Policies vs. technical controls for AI

Most organizations land on policy first. It is the lowest-cost intervention: write down what is and is not allowed, communicate it, and refer back to it during reviews. Policy is genuinely useful and this article is not an argument against it.

The argument is narrower: policy alone struggles when the tool being governed is faster than the workflow it replaces. AI is that kind of tool. A realistic AI control program pairs policy with technical controls that operate in the data path.

Why policies exist

Policies set expectations, support training, and document intent for auditors and reviewers. They define what "acceptable use" means for a given org and a given dataset. When an incident happens, the policy is what an investigation is measured against. Without a policy, every decision is ad-hoc.

Why policy alone struggles

Three reasons that come up consistently:

• Policies are not in the request path. They cannot stop a prompt that is already in flight.
• The people writing prompts are usually not the people writing the policy, and they read it once.
• AI tools make work materially faster. People will use them, on a deadline, with whatever data is in front of them.

None of this is moral failure. It is a predictable consequence of the tools getting better.

Human behavior and AI

Studies and incident reports converge on the same pattern: sensitive data shows up in prompts even when policy explicitly forbids it. It is not that people are ignoring the policy on purpose; it is that the friction of compliance — "rewrite this, anonymize that" — competes with the friction of shipping. We cover the behavior in more depth in Why employees paste sensitive data into ChatGPT.
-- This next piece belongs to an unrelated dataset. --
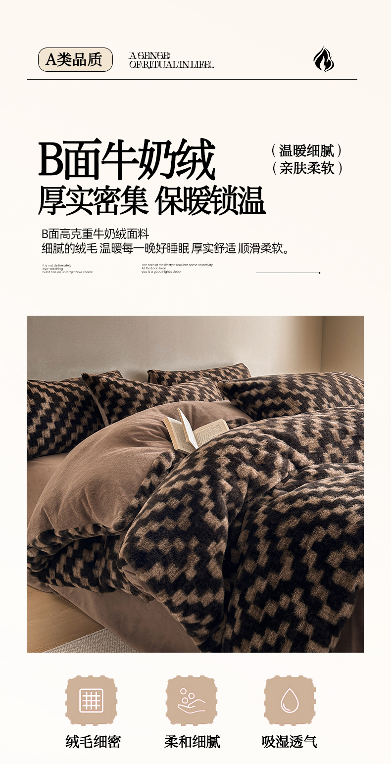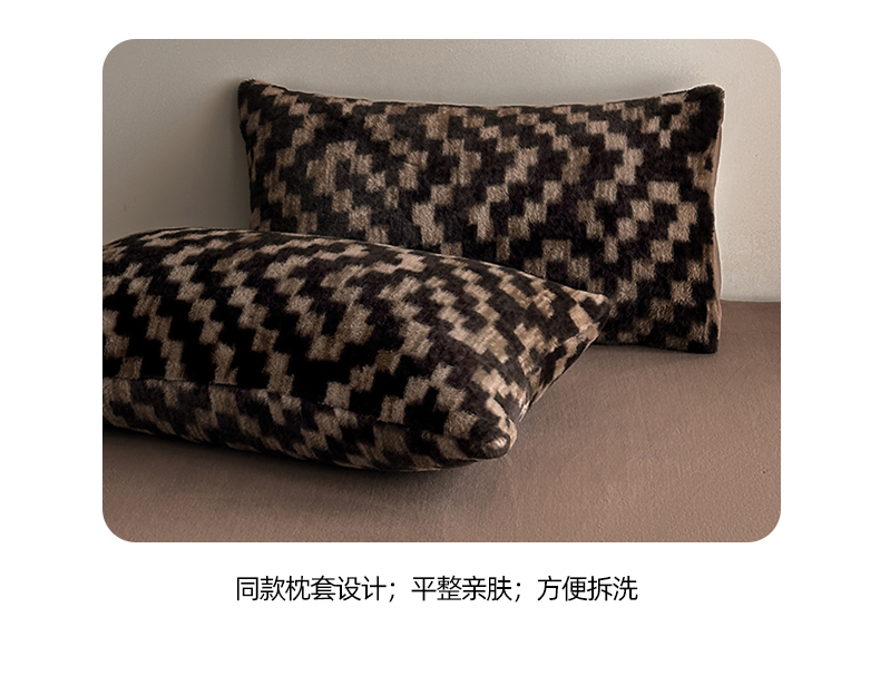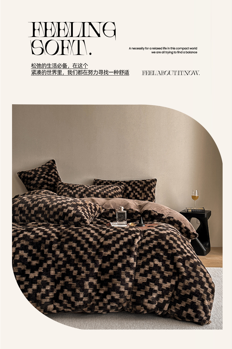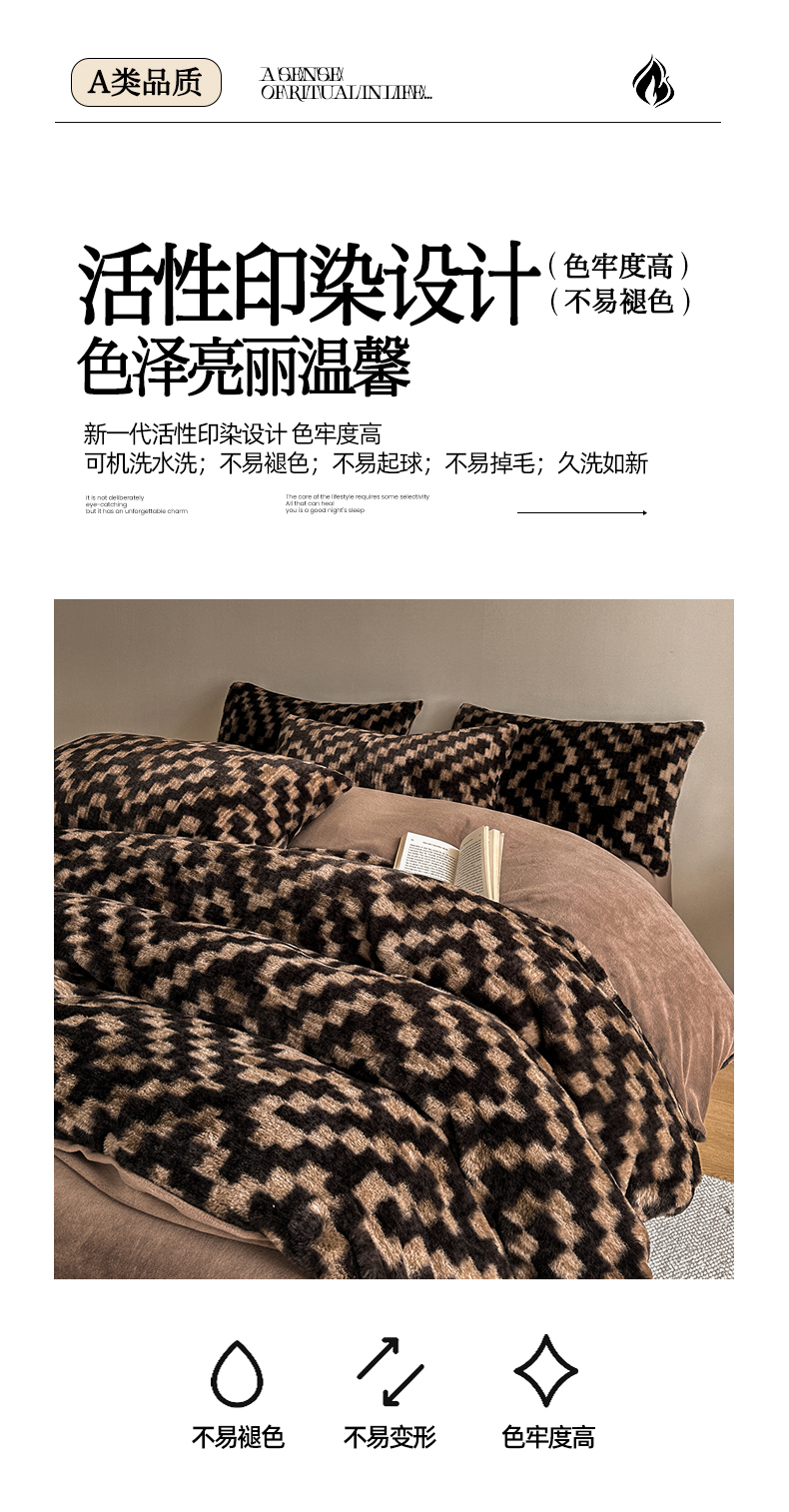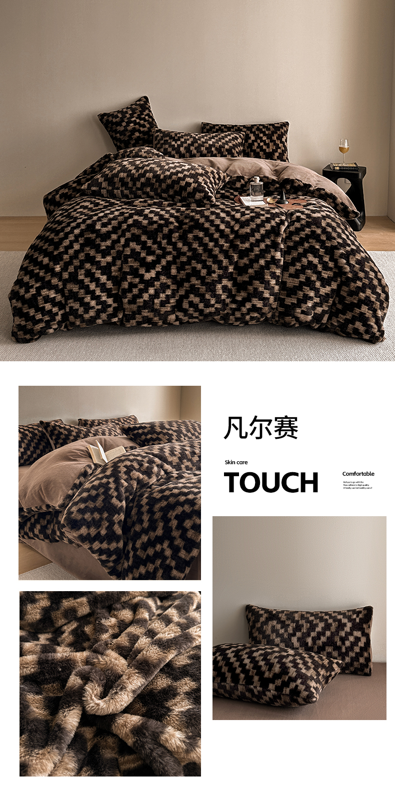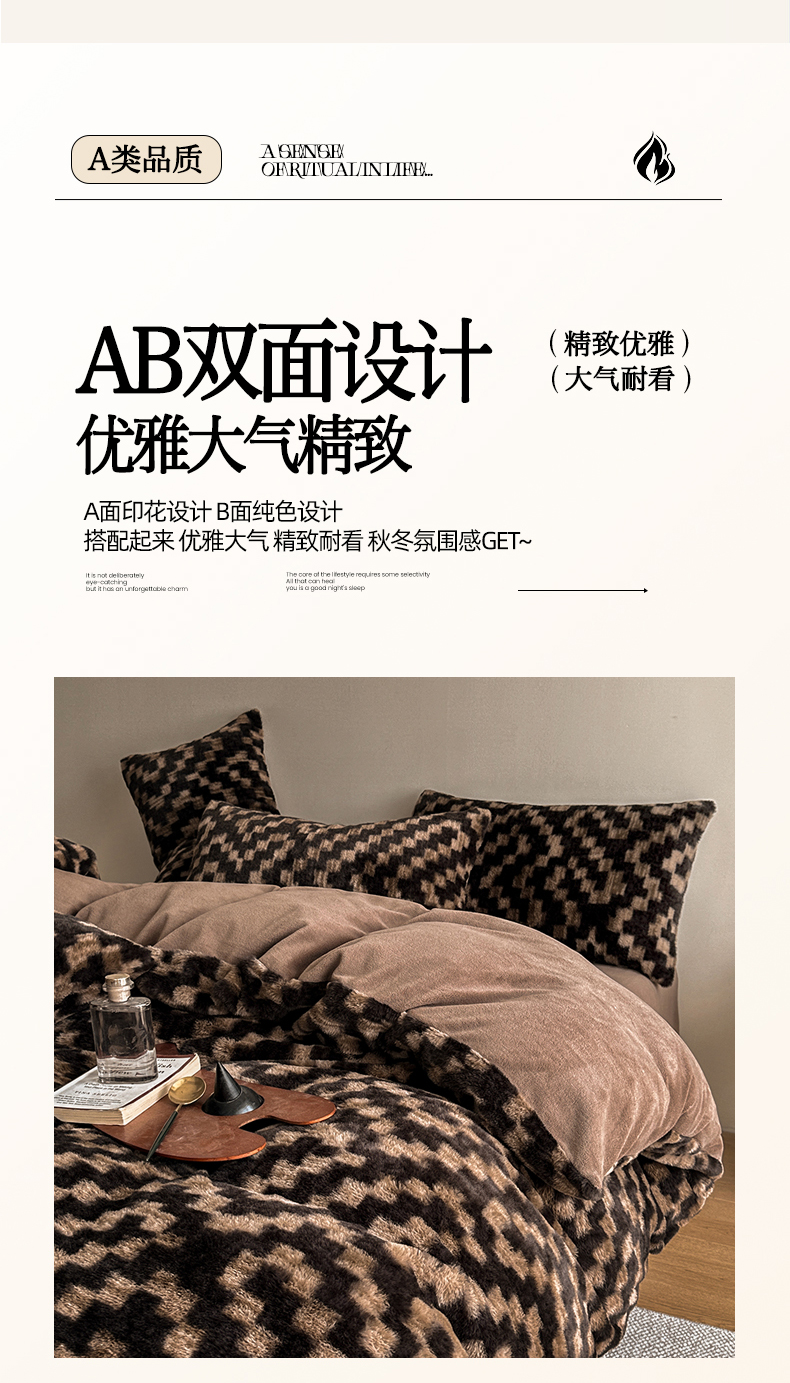 (总)网客家纺 2025新款羊毛绒牛奶绒夹棉床盖四件套,豹点-深灰,简格-黑色,简格-咖色,空间-红色,泥点-灰色,泥点-咖色,维奥-灰色,斜格-灰色,斜格-墨绿

Categories of technical controls

A short, neutral list of what teams actually deploy:

• Self-hosted models. The data does not leave a controlled environment. Strongest privacy posture; highest operational cost. See Managed vs. self-hosted LLMs.
• Prompt masking and redaction. Detect supported sensitive values in the prompt and replace them — with deterministic placeholders (masking) or with empty markers (redaction). See PII redaction vs. PII masking.
• BYOK. The provider relationship — contract, key, billing — stays inside the org. Useful regardless of which other controls are in place. See BYOK for privacy-sensitive AI.
• Access controls. Which services and which users can reach which providers. Often enforced at a gateway.
• Governance systems. Catalogs, approvals, decision records. These are not in the request path either, but they make the policy operational rather than aspirational.
• Provider-side controls. Account-level retention settings, region restrictions, training opt-outs. Useful, and worth verifying — but they are a layer you do not fully own.

Layered AI controls

No single control is sufficient. A realistic stack looks something like: policy and training at the top; upstream data minimization in the application; a gateway that masks and enforces retention; BYOK; allow-listed models; structural observability. The layers compensate for each other's gaps.

Where Privian fits

Privian is one layer: a privacy-first LLM gateway that operates in the data path between the application and the model provider. It masks supported sensitive values before they leave, supports BYOK end-to-end, and persists structural metrics rather than raw bodies. The reference for what is and is not retained lives on /data-path.

Honest limitations

Masking only catches values its detector recognizes; the detector is improved over time but is not omniscient. A gateway only protects prompts that route through it. None of this replaces policy or training; it makes them enforceable in the cases the detector covers.